Lots of enthusiast-to-pro-level photographers prefer Lightroom to Photoshop, because it lets you batch edit and organize photos more efficiently than Photoshop does. I prefer to use Photoshop because I rarely batch edit and I already have a system for organizing my photos, and anyway, in my experience Photoshop allows one finer-grained control over photo editing than Lightroom does. Basically, Lightroom does things I don’t need, and the things I do need, Photoshop does better.

I use a number of plug-ins with Photoshop to clean up photos. Most notably I use a plug-in called Portrait Pro (currently in iteration 19), which true to its name tunes up face pictures. You can do highly unrealistic things with it — I’ve used it to de-age pictures of people a couple of decades — but I mostly use it to tweak lighting and even out skin tones. I use Snap Art 4 when I want to make a picture look like an oil painting or a pastel, and I use Exposure X5 and the Nik Collection (and Camerabag 3, a stand alone program), when I want to give a picture a specific look and feel, particularly in black and white.

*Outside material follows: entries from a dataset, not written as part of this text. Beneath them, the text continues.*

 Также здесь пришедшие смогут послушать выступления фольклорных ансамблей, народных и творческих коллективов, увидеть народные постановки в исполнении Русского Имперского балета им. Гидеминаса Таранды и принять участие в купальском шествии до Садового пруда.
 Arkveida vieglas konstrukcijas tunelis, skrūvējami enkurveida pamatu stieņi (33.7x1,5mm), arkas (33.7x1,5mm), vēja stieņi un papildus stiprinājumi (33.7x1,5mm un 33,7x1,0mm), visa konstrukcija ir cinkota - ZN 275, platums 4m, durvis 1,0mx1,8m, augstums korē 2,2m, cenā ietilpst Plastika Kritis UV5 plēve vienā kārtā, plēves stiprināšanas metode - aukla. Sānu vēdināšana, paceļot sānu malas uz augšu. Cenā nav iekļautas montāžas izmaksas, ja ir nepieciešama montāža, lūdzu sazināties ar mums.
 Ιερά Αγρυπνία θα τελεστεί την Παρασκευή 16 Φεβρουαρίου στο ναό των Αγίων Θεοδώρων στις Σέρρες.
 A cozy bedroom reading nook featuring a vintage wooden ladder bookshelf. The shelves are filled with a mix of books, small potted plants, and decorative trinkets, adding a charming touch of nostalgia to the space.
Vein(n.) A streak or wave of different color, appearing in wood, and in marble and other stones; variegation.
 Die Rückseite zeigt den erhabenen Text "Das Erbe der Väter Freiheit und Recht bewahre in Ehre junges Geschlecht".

I use Photoshop as part of the overall Adobe “Creative Cloud” suite of programs, and I pay for the full-freight subscription (which is about $60 a month) because I use other programs in the suite. But if you’re only interested in the photo stuff there is a Photoshop/Lightroom bundle that’s substantially cheaper.

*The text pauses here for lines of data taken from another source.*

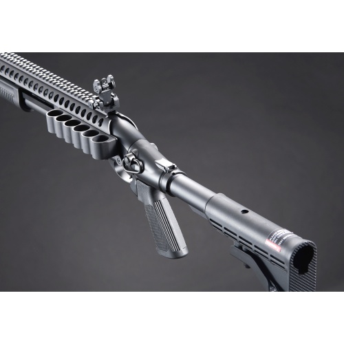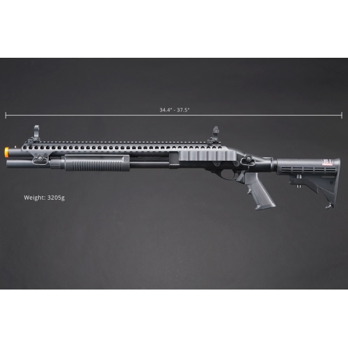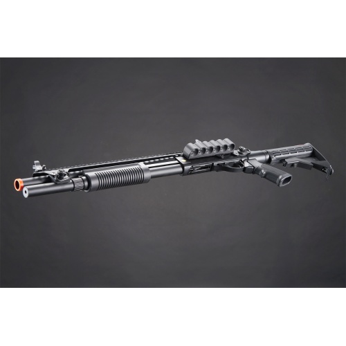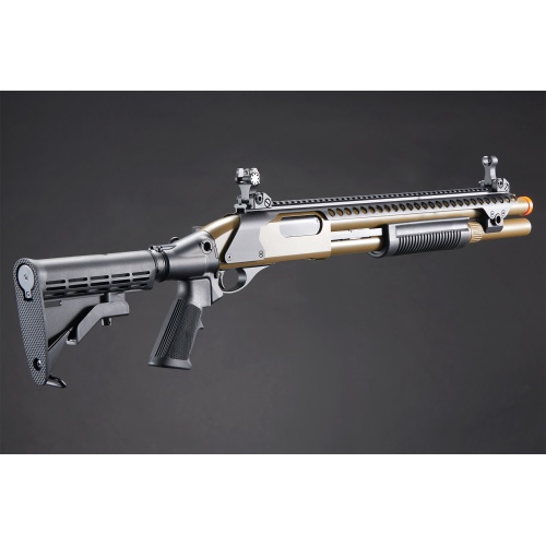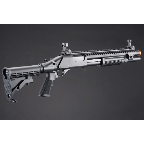 Golden Eagle M8874 3/6-Shot Pump Action CO2 Airsoft Shotgun w/ Flip Up Sights, Picatinny Rail & M4 Crane Stock
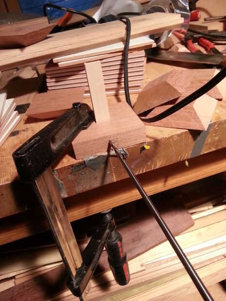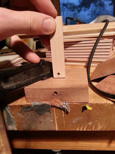 Hacer que el pasador central. Se trata de las imágenes de ver pedazo de madera de abedul. Hice esta pieza laminando dos tablas de inicio de fuego juntos. (1.picture).
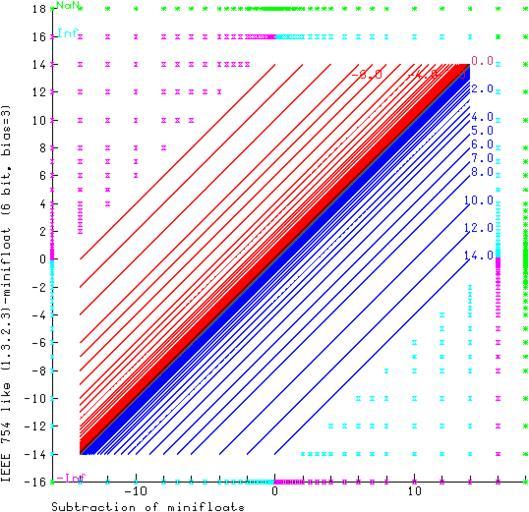 | Keywords: MinifloatSubtraction 1 3 2 3 72.png  Difference of two minifloats with 1 sign bit s 3 exponent bit e 2 mantissa bit m and a bias of 3 analogues to IEEE-754-like floating point values The different classes of IEEE 754 floating point values NaN infinite normal subnormal and zero are highlighted with different colours and marked with symbols NaN has the highest value and infinite has its own numerical value 2 17 Positive values are in blue and cyan negative values are in red and magenta; NaN is represented in green Please note this picture misrepresents subtraction where one of the values is plus or minus infinity own 2005-10-27 brf no Copyright because of own work Image MinifloatSubtraction_1_3_2_3_300 png GFDL Cc-by-sa-3 0-migrated Cc-by-sa-2 5 2 0 1 0 Minifloats |

Photoshop Express: If I take pictures on the Pixel and want to edit them substantially but don’t feel like porting them over to the desktop, I’ll work on this app, which is available for Android. It’s perfectly fine for editing that’s more complicated than just fixing contrast but less complicated than editing out cat hairs. If I’m just fixing contrast or other relatively simple things, I’ll use the built-in editing tool for Google Photos, which is fine for that. I’ll occasionally use Snapseed for its effects library, but Photoshop Express or Google Photos usually has me covered. Speaking of Google Photos:

Google Photos: Google offers online storage for photos so one does not clutter up one’s phone — but if you use the free tier, it will compress the photos before storing them, which makes them smaller but more lossy (i.e., details are lost). You can pay more to store the photos without compression if you like. I use the free tier and I have to say that for most photos the compression isn’t really noticeable at all… until you put them into a photo editor and start to play with them, at which point the compression artifacts can become really noticable the more you tweak the photo. The way I deal with that is that I port the photos I know I want to tweak to my desktop before I clear them out of my phone and store them. It’s a good compromise for me.

Flickr: Most of the photos that come from the dSLR I archive on a hard drive (more than one, actually), but the ones I’ve edited and want to show off in public I put up on Flickr. It’s also where I store most of the photos I use on the site. Flickr’s changed ownership a couple of times since I started using them, so I have some small concern that one day they’ll just up and disappear, but I have those photos archived to a hard drive in any event. I do like Flickr and can recommend the service.


Adobe Audition: I use this when I do my occasional audio recordings. I have a number of digital audio workstation programs I’ve bought over the years with the ambition to use them to make music, but I haven’t made much headway with them yet, so I will refrain from noting them here for now. I note Audition because I do use it, and because it’s (relatively) simple to record voice into and then edit that voice recording. I have used it for music and it’s done fine how I’ve used it, but I suspect I’m using it very clumsily. With that said, Audition does everything I ask it to do, and it comes as part of the Creative Cloud suite, so, you know. Use what you have.

(When I record using Audition, I am usually using a Blue Yeti USB microphone I’ve had for a couple of years now. It’s really solid and is overall a very good general-use microphone.)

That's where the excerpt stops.